*** EXTRACTED INFORMATION Section Begins ***

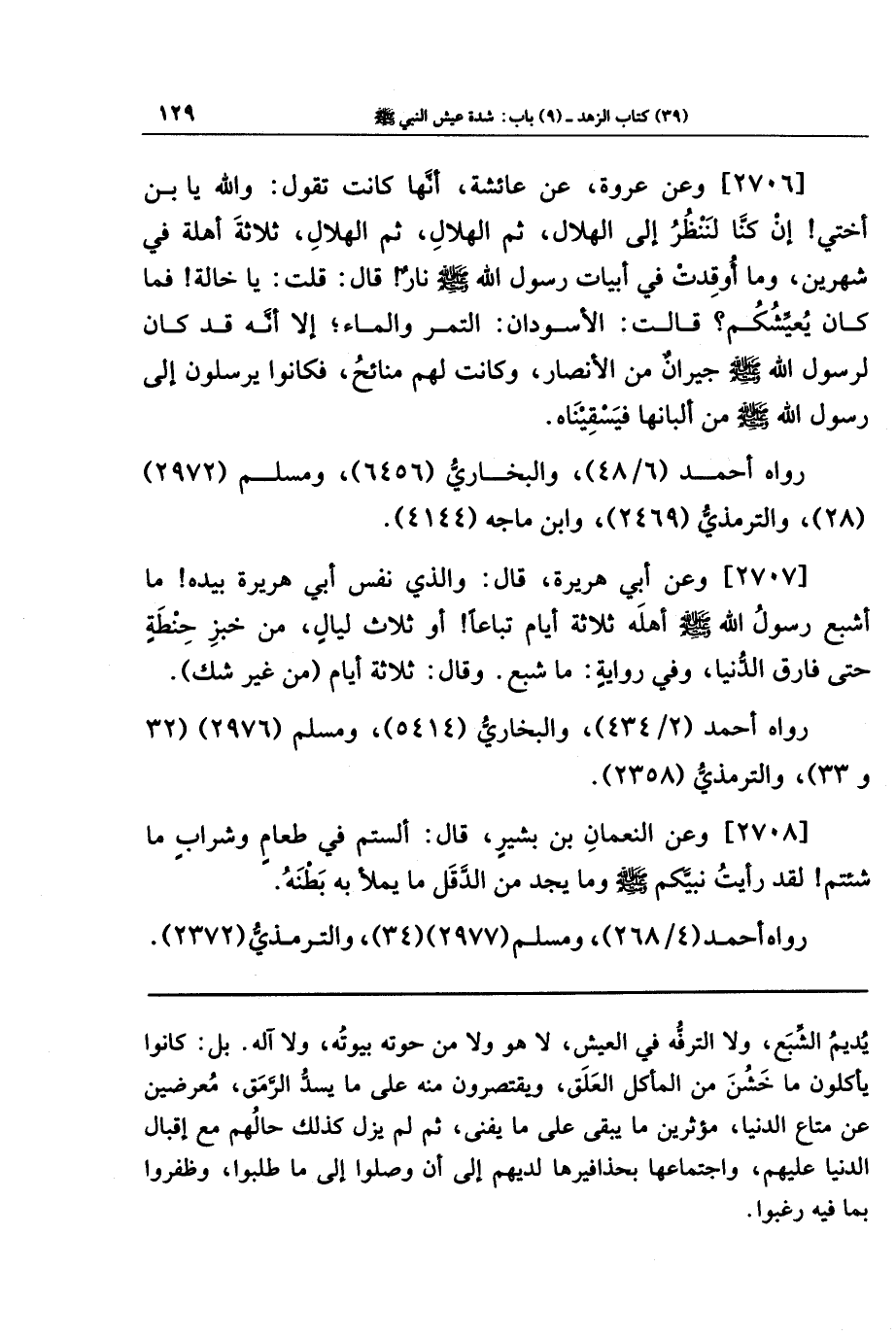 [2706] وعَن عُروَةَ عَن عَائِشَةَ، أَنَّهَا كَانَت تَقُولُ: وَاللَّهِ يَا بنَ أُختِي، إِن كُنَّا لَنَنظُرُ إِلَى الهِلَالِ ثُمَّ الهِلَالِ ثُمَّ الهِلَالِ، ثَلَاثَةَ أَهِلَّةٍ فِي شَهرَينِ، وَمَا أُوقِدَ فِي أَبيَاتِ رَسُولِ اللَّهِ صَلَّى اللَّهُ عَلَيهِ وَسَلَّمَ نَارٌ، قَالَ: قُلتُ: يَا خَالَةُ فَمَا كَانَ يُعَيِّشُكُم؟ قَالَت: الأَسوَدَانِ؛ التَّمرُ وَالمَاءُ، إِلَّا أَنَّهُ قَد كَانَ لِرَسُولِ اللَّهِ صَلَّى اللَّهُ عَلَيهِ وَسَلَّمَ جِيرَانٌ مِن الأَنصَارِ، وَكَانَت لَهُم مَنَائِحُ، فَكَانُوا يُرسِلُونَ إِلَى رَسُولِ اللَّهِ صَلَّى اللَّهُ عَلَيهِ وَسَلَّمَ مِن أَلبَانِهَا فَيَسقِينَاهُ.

*** EXTRACTED INFORMATION Section Ends ***
*** EXTRACTED INFORMATION Section Begins ***

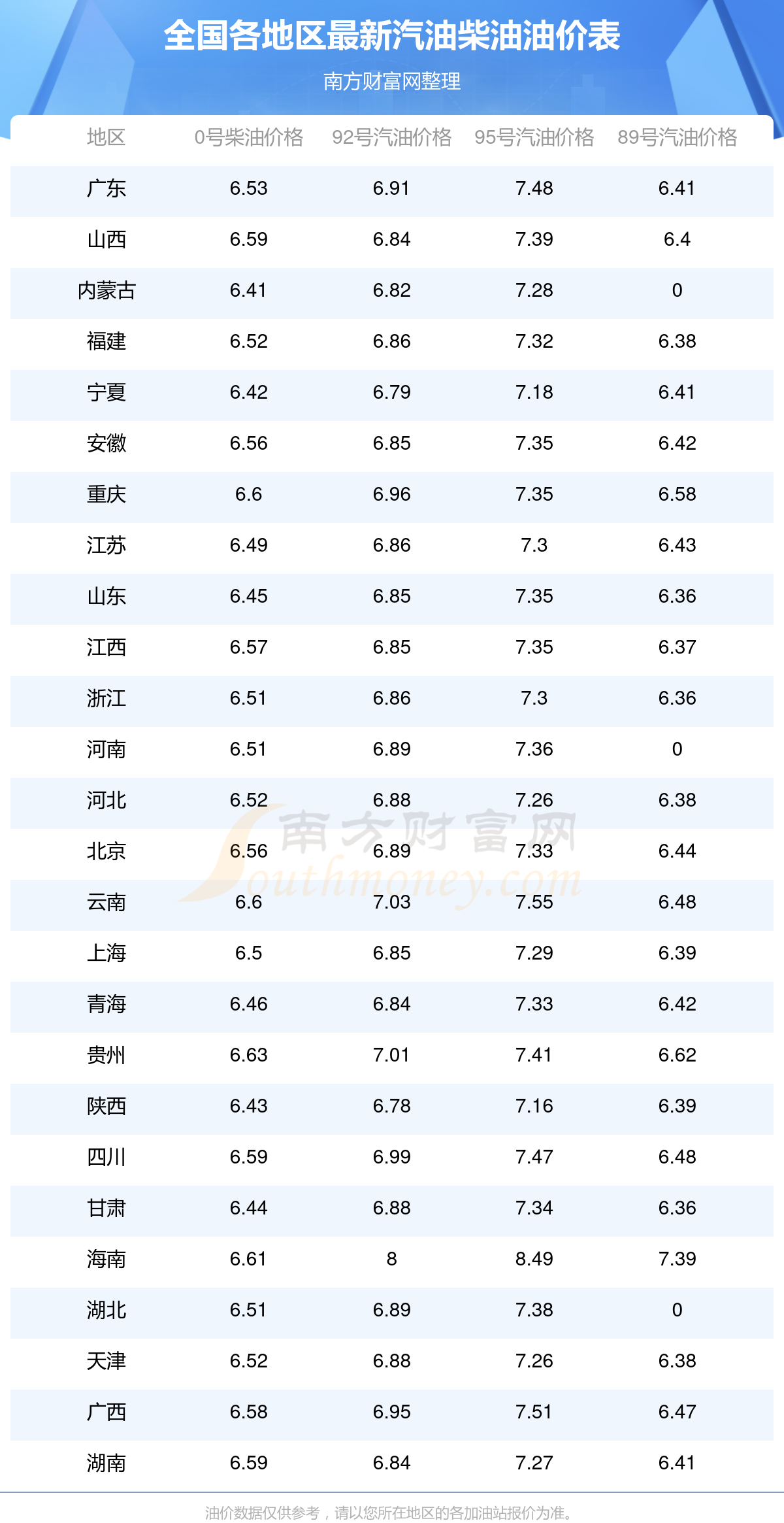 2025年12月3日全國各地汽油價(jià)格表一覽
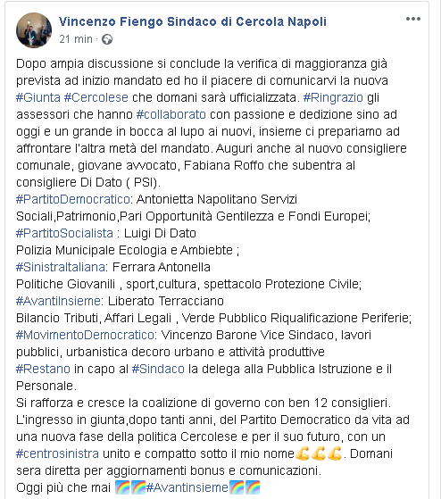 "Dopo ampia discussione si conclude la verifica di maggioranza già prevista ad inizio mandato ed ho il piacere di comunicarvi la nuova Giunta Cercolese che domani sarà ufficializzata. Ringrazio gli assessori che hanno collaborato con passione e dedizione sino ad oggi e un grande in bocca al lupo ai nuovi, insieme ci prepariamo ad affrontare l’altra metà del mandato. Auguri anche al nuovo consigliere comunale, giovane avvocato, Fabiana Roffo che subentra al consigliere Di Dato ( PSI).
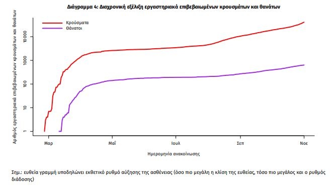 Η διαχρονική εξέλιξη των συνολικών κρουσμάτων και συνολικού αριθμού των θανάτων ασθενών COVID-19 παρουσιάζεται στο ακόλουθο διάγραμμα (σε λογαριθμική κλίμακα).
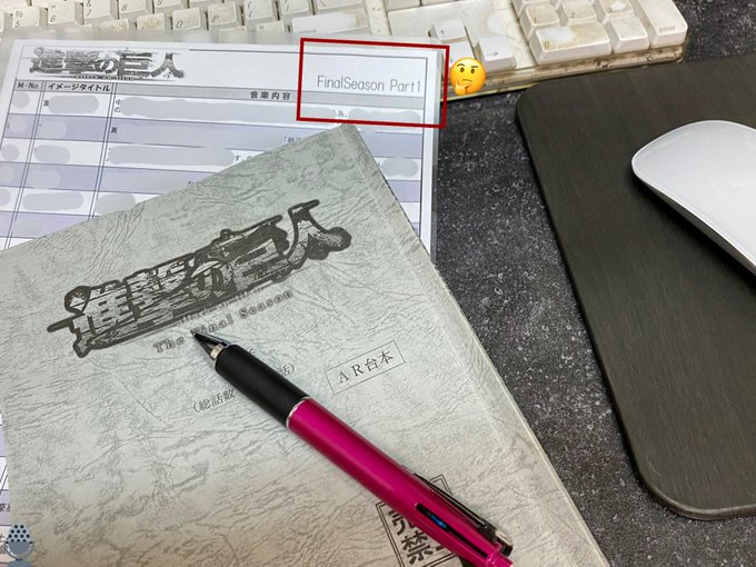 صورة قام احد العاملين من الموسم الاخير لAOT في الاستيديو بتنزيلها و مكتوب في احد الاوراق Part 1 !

*** EXTRACTED INFORMATION Section Ends ***

_HOW TO COMPLETE THIS TASK:_ Leaving out each picture, repeat exactly the lines above from the one that contains "Η διαχρονική εξέλιξη" through the one that contains "صورة قام احد".

_EXERCISE RESULT:_
 Η διαχρονική εξέλιξη των συνολικών κρουσμάτων και συνολικού αριθμού των θανάτων ασθενών COVID-19 παρουσιάζεται στο ακόλουθο διάγραμμα (σε λογαριθμική κλίμακα).
 صورة قام احد العاملين من الموسم الاخير لAOT في الاستيديو بتنزيلها و مكتوب في احد الاوراق Part 1 !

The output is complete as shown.